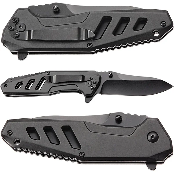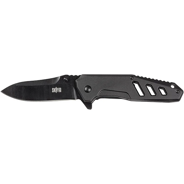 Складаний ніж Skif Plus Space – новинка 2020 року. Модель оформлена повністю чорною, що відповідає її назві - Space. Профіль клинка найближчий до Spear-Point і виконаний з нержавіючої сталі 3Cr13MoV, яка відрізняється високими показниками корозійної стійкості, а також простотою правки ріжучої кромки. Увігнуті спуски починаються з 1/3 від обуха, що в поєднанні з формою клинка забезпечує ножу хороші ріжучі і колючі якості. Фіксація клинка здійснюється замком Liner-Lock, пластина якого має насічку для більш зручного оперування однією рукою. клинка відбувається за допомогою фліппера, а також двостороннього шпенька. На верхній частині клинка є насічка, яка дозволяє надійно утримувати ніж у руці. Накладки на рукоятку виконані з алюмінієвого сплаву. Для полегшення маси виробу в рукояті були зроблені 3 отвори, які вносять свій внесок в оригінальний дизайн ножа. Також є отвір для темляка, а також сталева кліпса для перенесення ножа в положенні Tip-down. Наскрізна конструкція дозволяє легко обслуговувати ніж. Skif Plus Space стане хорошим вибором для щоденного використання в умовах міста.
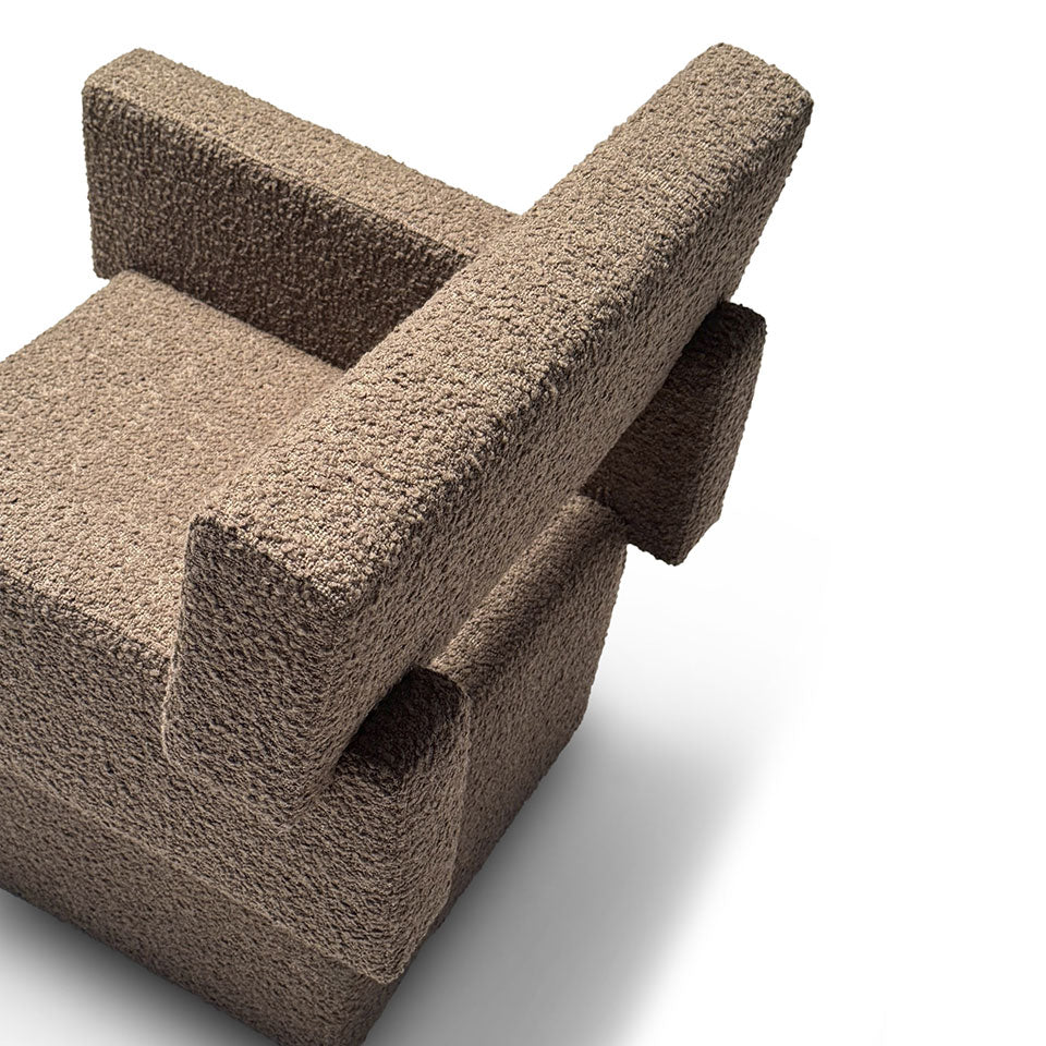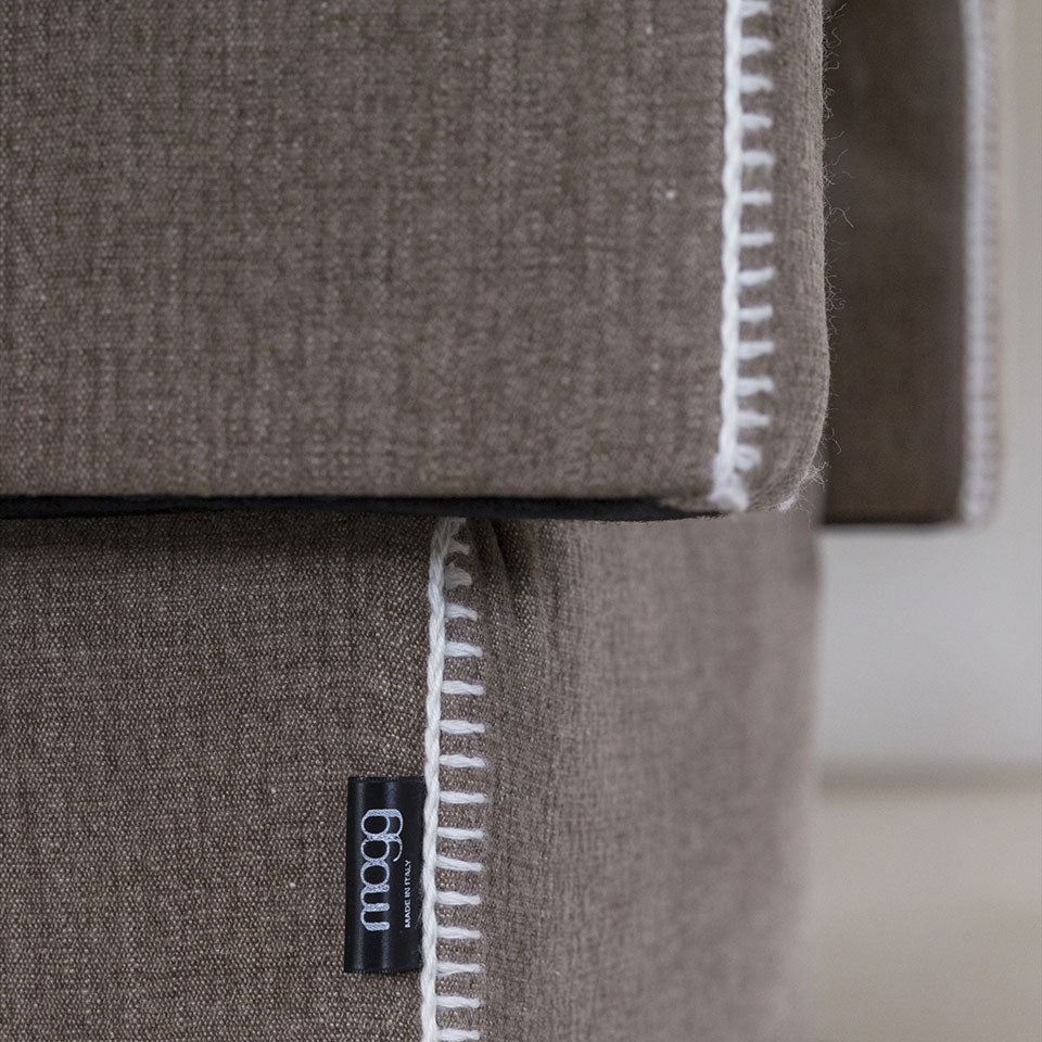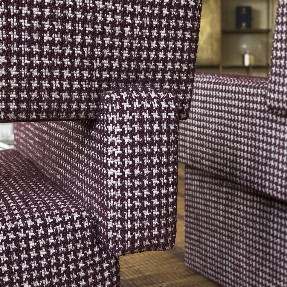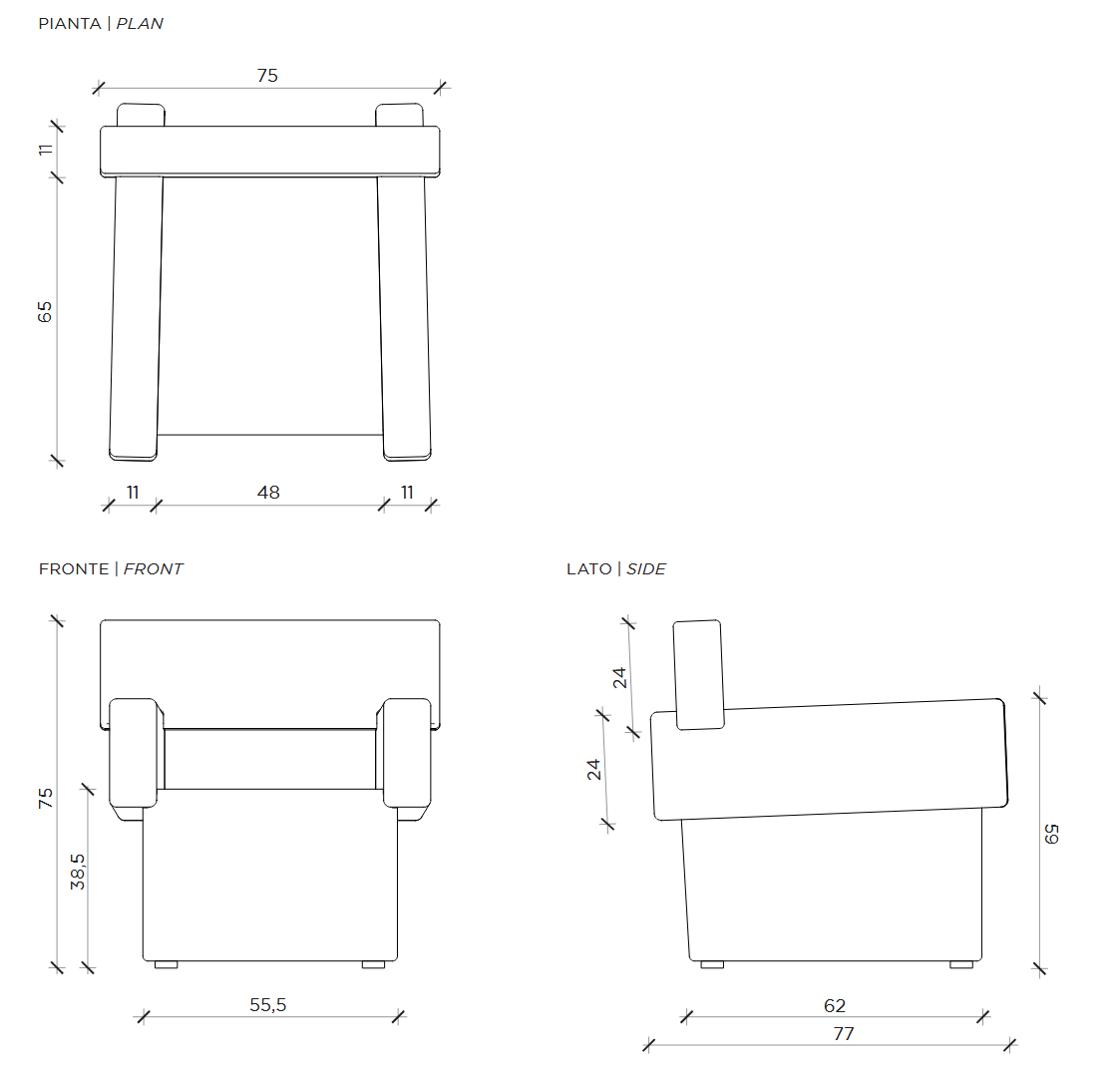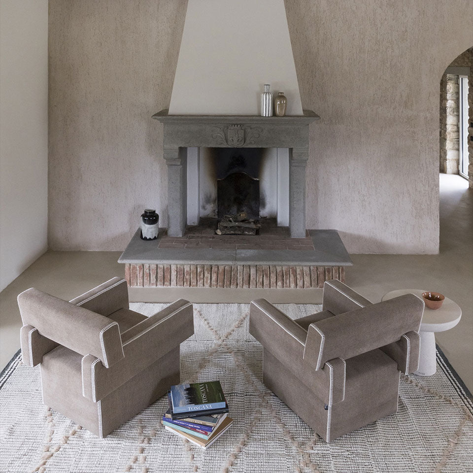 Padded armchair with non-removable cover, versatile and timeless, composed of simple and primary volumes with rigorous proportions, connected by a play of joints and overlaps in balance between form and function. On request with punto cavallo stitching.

...

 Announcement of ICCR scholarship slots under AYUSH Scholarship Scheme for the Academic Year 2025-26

_Assigned task_
Taking the records above, print only and exactly the lines from the line with "Складаний ніж Skif" to the line with "Padded armchair with", both kept, and exclude pictures.

_Task solution_
 Складаний ніж Skif Plus Space – новинка 2020 року. Модель оформлена повністю чорною, що відповідає її назві - Space. Профіль клинка найближчий до Spear-Point і виконаний з нержавіючої сталі 3Cr13MoV, яка відрізняється високими показниками корозійної стійкості, а також простотою правки ріжучої кромки. Увігнуті спуски починаються з 1/3 від обуха, що в поєднанні з формою клинка забезпечує ножу хороші ріжучі і колючі якості. Фіксація клинка здійснюється замком Liner-Lock, пластина якого має насічку для більш зручного оперування однією рукою. клинка відбувається за допомогою фліппера, а також двостороннього шпенька. На верхній частині клинка є насічка, яка дозволяє надійно утримувати ніж у руці. Накладки на рукоятку виконані з алюмінієвого сплаву. Для полегшення маси виробу в рукояті були зроблені 3 отвори, які вносять свій внесок в оригінальний дизайн ножа. Також є отвір для темляка, а також сталева кліпса для перенесення ножа в положенні Tip-down. Наскрізна конструкція дозволяє легко обслуговувати ніж. Skif Plus Space стане хорошим вибором для щоденного використання в умовах міста.
 Padded armchair with non-removable cover, versatile and timeless, composed of simple and primary volumes with rigorous proportions, connected by a play of joints and overlaps in balance between form and function. On request with punto cavallo stitching.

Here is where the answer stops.